Syllabus
Course
NANO 181/281 Data Science in Materials Science (4)
Description
To provide a comprehensive introduction to the application of data science to materials science.
Prerequisites
Consent of Instructor
Textbook, Required Materials:
- The Elements of Statistical Learning: Data Mining, Inference, and Prediction, Second Edition [Free]
- Python Data Science Handbook [Free]
Class/Laboratory Schedule
Two 80-minute lectures per week and three computational laboratory sessions
Course Topics
- Introduction to Data Science in Materials Science
- Python for Data Science
- Linear Methods for Regression
- Ordinary least squares
- Subset selection
- Regularization and Shrinkage
- Derived input directions
- Extending linear methods
- Transformations of inputs
- Piece-wise polynomials
- Basis expansion
- Linear Methods for Classification
- Discriminant Analysis
- Logistic regression
- Unsupervised learning
- Principal Component Analysis
- K-means
- Hierarchical and density-based clustering
- Kernel regression
- k nearest neighbor
- Kernel density estimation and classification
- Trees
- Decision trees
- Ensemble of trees
- Neural networks
Course Objectives
- To provide students with a foundation in data science techniques, with practical examples rooted in materials science domain applications.

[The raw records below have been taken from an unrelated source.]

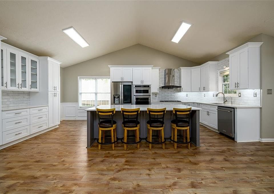 - Features: Breakfast Bar, Cabinets White, Eat-in Kitchen, Kitchen Island, Pantry, Solid Surface Counters, Stone Counters, View to Family Room
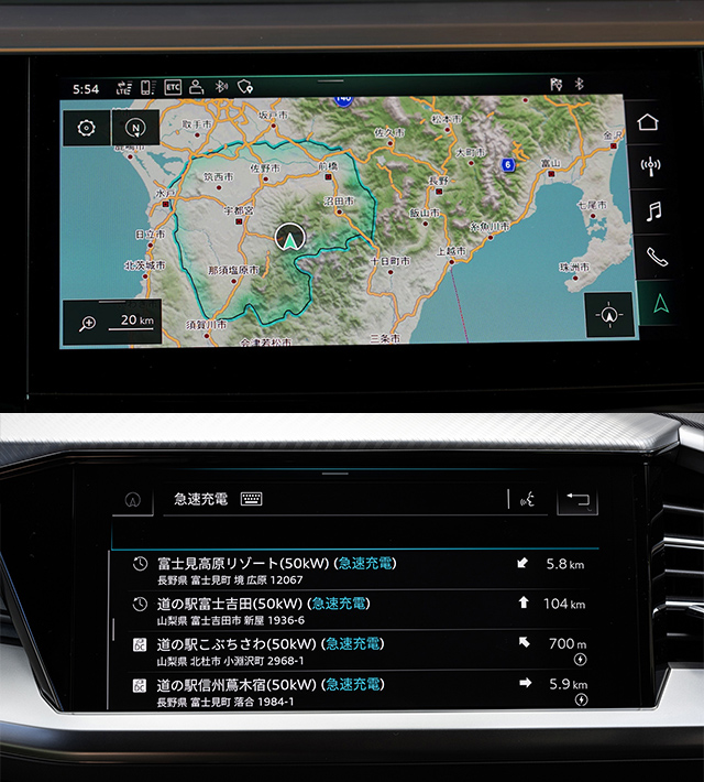 近くの急速充電スポットも検索でき、ナビゲーションで設定した目的地に到達するまでに充電が必要な場合は、休憩を兼ねた急速充電スポットを経由地に含める「e-tronルート」が提案されます。
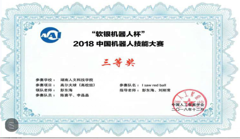 近日,为了提高大学生对人工智能的兴趣、增强大学生科技软实力,由中国人工智能学会主办、软银机器人公司协办的“软银机器人杯”2018中国机器人技能大赛暨智能检测与运动控制论坛在江苏省泰州市举行。KY官网信息学院参赛团队I saw red ball在彭东海、刘刚常老的指导下,获得了高尔夫高校组三等奖的优秀成绩。
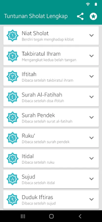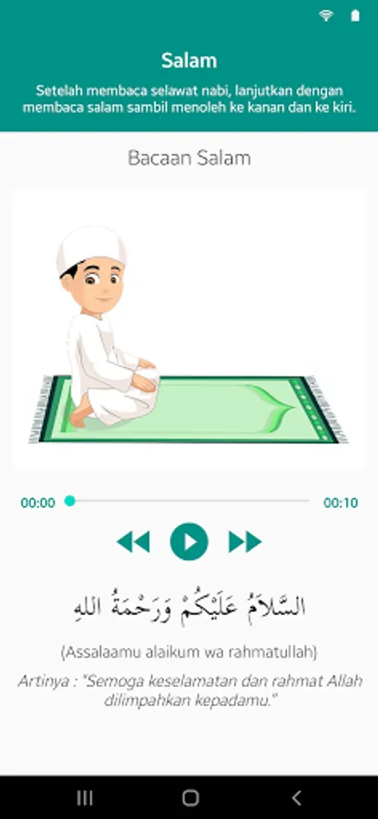 Aplikasi tuntunan sholat fardhu dan sunnah lengkap berbasis multimedia yang dilengkapi dengan audio bacaan sholat serta gambar gerakan sholat yang mempermudah pengguna untuk mempraktekannya, beserta dilengkapi dengan dzikir setelah sholat, doa setelah sholat, & audio mp3 (full offline). berisi tuntunan dan tata cara sholat secara lengkap, mulai dari cara bersuci (wudhu & tayamum), cara melaksanakan sholat (gerakan dan bacaan-nya), hingga wirid & doa sesudah shalat. juga terdapat hukum hukum seputar sholat, seperti syarat sah sholat, rukun sholat, sunnah sholat, yang membatalkan sholat, dan banyak lagi pembahasan seputar sholat. Aplikasi sepenuhnya offline dan tidak membutuhkan koneksi internet.
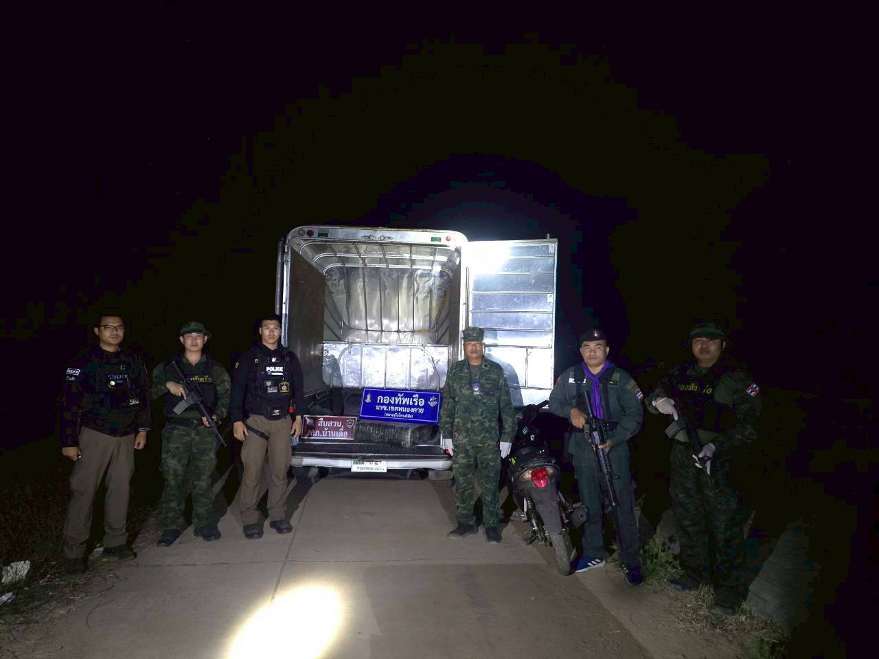 สืบเนื่องจากเมื่อวันที่ 10 ก.พ.69 เวลาประมาณ 10.00 น. พล.ร.ต.ณรงค์ เอมดี ได้รับแจ้งจากสายลับ ว่าจะมีการลักลอบนำยาเสพติดเข้ามาในพื้นที่ ต.บ้านเดื่อ อ.เมือง จ.หนองคาย จึงมอบหมายให้ น.อ.วิศิษฐ์พงศ์ เจริญวิชยเดช ผบ.นรข.เขตหนองคาย จัดชุดเฝ้าตรวจพื้นที่พร้อมสั่งการให้ ร.อ.ภาสพล สีทองเกตุ หน.นร.โพนพิสัย จัดชุดเฝ้าตรวจในพื้นที่ที่ได้รับแจ้ง จนกระทั่งเวลาประมาณ 00.45 น. ของวันที่ 11 ก.พ.69 ได้ตรวจพบเรือกีบ เพลายาว 1 ลำ มีบุคคลต้องสงสัยนั่งมาในเรือ 2 คน อยู่กลางลำแม่น้ำโขงห่างจากริมฝั่งไทยประมาณ 200 เมตร ดับเครื่องพายมุ่งหน้าตรงเข้ามายังฝั่งไทย ที่เขื่อนป้องกันตลิ่ง บริเวณหลังสถานีใบยาสูบปากสวย บ.ปากสวย ม.6 ต.บ้านเดื่อ อ.เมือง จ.หนองคาย ต่อมาได้มีรถจักรยานยนต์ 1 คัน แล่นเข้ามาจอดบริเวณเขื่อนป้องกันตลิ่งใกล้กับจุดที่เรือจอด จากนั้นก็มีรถยนต์ 1 คัน ขับเข้ามาจอดบริเวณเดียวกัน จนท.พบชายต้องสงสัย 2 คน กำลังช่วยกันแบกวัตถุต้องสงสัยมายังที่รถยนต์จอดอยู่ จนท.จึงได้แสดงตัวขอตรวจสอบ เมื่อทั้ง 2 คน เห็น จนท. ได้ทิ้งวัตถุต้องสงสัยแล้ววิ่งหนีกระโดดลงน้ำ 1 คน อีก1 คน ได้วิ่งเข้าไปในสวนเกษตรอาศัยความมืดหลบหนีไปได้
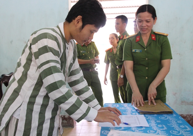 Cán bộ quản giáo Trại tạm giam Công an tỉnh triển khai một số thủ tục cần thiết đối với phạm nhân
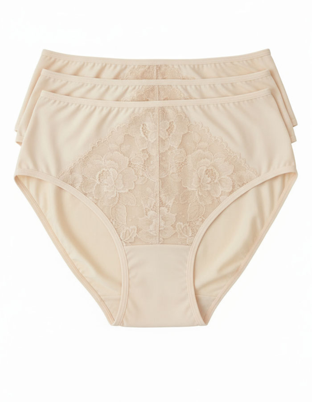 Сет 3 броя луксозни бикини от микрофибър и дантела, Neda, бежово, 65
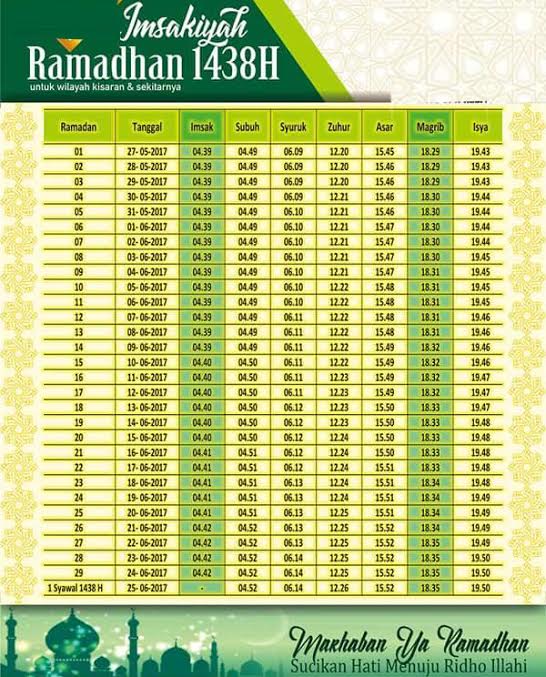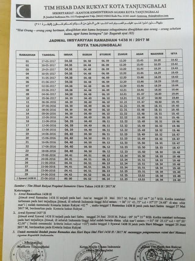 Jadwal Imsakiyah Ramadahan Wilayah Kabupaten Asahan
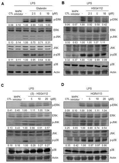 To further investigate the mechanism of the anti-inflammatory effects of the compounds, we examined the effects of glabridin and the synthetic glabridin derivates on MAPK signaling. We examined the activation of the three major MAPK (ERK, JNK, and p38) in RAW264.7 cells by quantifying phosphorylation through Western blot [34]. For the negative control, PD98059, SP600125, and SB203580 were used as inhibitors of ERK, JNK, and p38 MAPK, respectively. LPS stimulation markedly induced the phosphorylation of ERK, JNK, and p38 (Figure 5A–D). Under LPS-stimulation, the tested compounds showed a distinct effect on each of the MAPKS: glabridin suppressed phosphorylation of JNK and p38 (Figure 5A), HSG4112 suppressed phosphorylation of ERK (Figure 5B), (S)-HSG4112 suppressed phosphorylation of JNK and p38 (Figure 5C), and HGR4113 suppressed phosphorylation of JNK (Figure 5D). The total unphosphorylated forms of all MAPKs were unaffected by LPS and test compounds (Figure 5A–D). These results show that while glabridin and the synthetic glabridin derivatives inhibit at least one MAPK signaling under LPS-stimulation, the specific MAPK (ERK, JNK, and p38) involved is distinct for each compound.
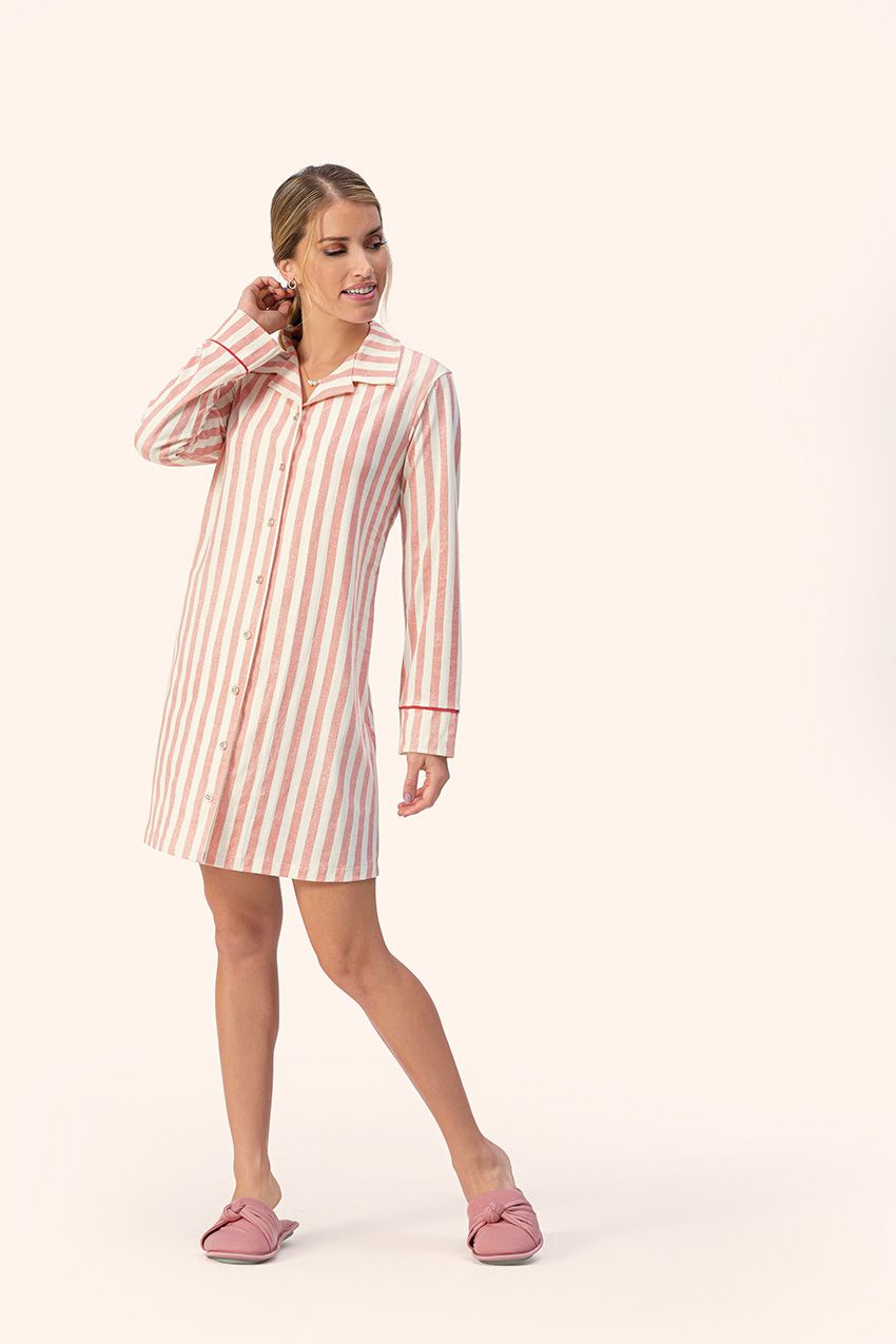 Camisão de manga longa listrado na cor palha e rosa queimado, em 100% algodão, tem o comprimento necessário para se abrir uma porta sem passar vergonha, é uma peça prática e elegante.
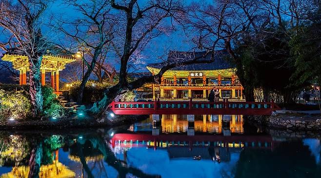 광한루원은 조선 전기에 조성된 정원으로 ‘춘향전’의 배경지입니다. 개방적인 공간에서 느긋하게 시간을 보내기 좋은 곳입니다. 광한루뿐 아니라 완월정, 영주각 등 각종 전각에 오를 수 있고 넓게 펼쳐진 잔디밭에서 망중한을 즐길 수도 있습니다. 종종 남원시에서 ‘광한루원에서의 피크닉’을 주제로 돗자리 등을 대여해주기도 하는데 ‘남원 문화관광’ 누리집(namwon.go.kr/tour)을 미리 확인해보세요. 꼭 잔디밭에 앉아 있지 않아도 호수에 사는 원앙과 잉어를 구경하는 아이들을 따라 이곳저곳을 산책하다 보면 담 밖의 시간이 아스라이 느껴집니다.

- To provide hands-on experience in the use of the Python programming language for data science
- To inculcate best practices in developing and interpreting machine learning models for materials property predictions.
Methods of Evaluation
- Jupyter notebook reports of three hands-on laboratory sessions
Performance Criteria
Objective 1: (basic engineering knowledge and applications)
1.1 Understand the fundamentals of data science methods.
1.2 Understand the successes and limitations of each method, and the tradeoff between accuracy and cost.
1.3 Understand how to derive material and nano-scale properties from first principles calculations.
Objective 2: (methods and problem solving)
2.1 Choosing the most appropriate data science method for a particular application.
2.2 Ability to effectively manage and analyze large materials datasets.
2.3 Best practices in construction and evaluation of machine learning models.